Going further, unit tests let you pin down "given this input, this alert should fire."

# tests/instance-down.test.yml
rule_files:
  - ../rules/app-alerts.yml
evaluation_interval: 1m
 
tests:
  - interval: 1m
    input_series:
      - series: 'up{job="api", instance="a:8080"}'
        values: "1 1 0 0 0 0 0 0"      # down from minute 3
    alert_rule_test:
      - eval_time: 7m
        alertname: InstanceDown
        exp_alerts:
          - exp_labels:
              severity: critical
              job: api
              instance: a:8080
            exp_annotations:
              summary: "Instance down: a:8080"

promtool test rules tests/instance-down.test.yml

Wiring promtool check rules and promtool test rules into CI prevents broken rules from being merged.
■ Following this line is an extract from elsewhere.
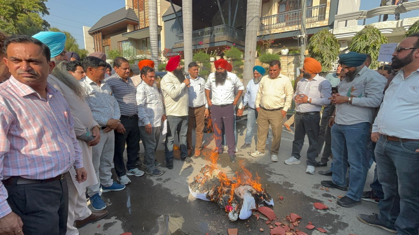 ਜਲੰਧਰ (ਅਰੋੜਾ) :- ਸੀ.ਪੀ.ਐਫ ਕਰਮਚਾਰੀ ਯੂਨੀਅਨ ਅਤੇ ਪੀ.ਐਸ.ਐਮ.ਐਸ.ਯੂ ਵੱਲੋਂ ਸਾਂਝੇ ਤੌਰ ਤੇ ਮੁੱਖ ਮੰਤਰੀ ਪੰਜਾਬ ਭਗਵੰਤ ਮਾਨ ਦਾ ਪੁੱਤਲਾ ਕੈਬਨਿਟ ਮੰਤਰੀ ਮਹਿੰਦਰ ਭਗਤ ਦੇ ਘਰ ਬਾਹਰ ਸਰਕਾਰ ਵਿਰੁੱਧ ਨਾਅਰੇਬਾਜ਼ੀ ਕਰਦੇ ਹੋਏ ਸਾੜਿਆ। ਸੀ.ਪੀ.ਐਫ ਕਰਮਚਾਰੀ ਯੂਨੀਅਨ ਪੰਜਾਬ ਦੇ ਸੂਬਾ ਪ੍ਰਧਾਨ ਸੁਖਜੀਤ ਸਿੰਘ ਡਿੰਪੀ ਨੇ ਦੱਸਿਆ ਕਿ ਪੰਜਾਬ ਸਰਕਾਰ ਮੁਲਾਜ਼ਮ ਮੰਗਾਂ ਤੇ ਲਗਾਤਾਰ ਟਾਲਮਟੌਲ ਕਰਦੀ ਆ ਰਹੀ ਹੈ। ਜਿਸ ਕਾਰਨ ਪੰਜਾਬ ਸਰਕਾਰ ਤੇ ਆਮ ਆਦਮੀ ਪਾਰਟੀ ਪ੍ਰਤੀ ਪੰਜਾਬ ਦੇ ਮੁਲਾਜ਼ਮਾਂ ਤੇ ਪੈਨਸ਼ਨਰਾਂ ਵਿੱਚ ਸਰਕਾਰ ਪ੍ਰਤੀ ਭਾਰੀ ਰੋਸ ਹੈ। ਉਨ੍ਹਾਂ ਅੱਗੇ ਕਿਹਾ ਕਿ ਪੰਜਾਬ ਸਰਕਾਰ ਤੇ ਮੁੱਖ ਮੰਤਰੀ ਪੰਜਾਬ ਦੀ ਕਹਿਣੀ ਤੇ ਕਥਨੀ ਵਿੱਚ ਬਹੁਤ ਵੱਡਾ ਫਰਕ ਹੈ ਕਿਉਕਿ ਅੱਜ ਤੱਕ ਕੋਈ ਵੀ ਸਰਕਾਰ ਮੁਲਾਜ਼ਮਾਂ ਨਾਲ ਮੀਟਿੰਗਾਂ ਕਰਨ ਤੋਂ ਨਹੀਂ ਭੱਜੀ ਪਰ ਮੌਜੂਦਾ ਪੰਜਾਬ ਸਰਕਾਰ ਮੁਲਾਜ਼ਮਾਂ ਨਾਲ ਕੀਤੇ ਹੋਏ ਵਆਦਿਆਂ ਤੋਂ ਤਾਂ ਭੱਜ ਹੀ ਰਹੀ ਹੈ ਬਲਕਿ ਸਰਕਾਰ ਵੱਲੋਂ ਜਾਰੀ ਕੀਤੇ ਗਏ ਨੋਟੀਫਿਕੇਸ਼ਨ ਜਾਰੀ ਕਰਨ ਤੋਂ ਨਾਂਹ ਕੀਤੀ ਜਾ ਰਹੀ ਹੈ।

11. Operational tips / anti-patterns

Put for on almost every rule. Transient-spike alerts disappear.
Alert on symptoms. Tie alerts to user impact (error rate, latency, availability); keep cause metrics (CPU, memory) as supporting signals.
Make annotations actionable. Current value, threshold, and a runbook link are essential.
Standardize severity. Routing depends on it.
Beware alert fatigue. Alerts you never act on get ignored by everyone. If there's no answer to "what does a person do when this fires," it's a dashboard item, not an alert.
After changing rules, reload Prometheus.

# when running with --web.enable-lifecycle
curl -X POST http://localhost:9090/-/reload

Connecting to Alertmanager only needs the alerting: block from section 2; the actual delivery channels, routing, and deduplication are configured separately in Alertmanager's alertmanager.yml (a topic of its own).

Wrapping up

An Alert Rule is ultimately the combination of "a meaningful expr + an appropriate for + an actionable annotation." Capture symptoms precisely with expr, filter noise with for, route to the right person with labels, and make it immediately actionable with annotations — those four are the whole of a good alert. Finally, add promtool unit tests and you can guarantee, like code, that a rule "fires as expected."

As a next step, connect these alerts to Alertmanager routes (per-severity channels, business-hours branching, inhibition) and dashboard the ALERTS metric to manage "alerts themselves" — that is, alert hygiene.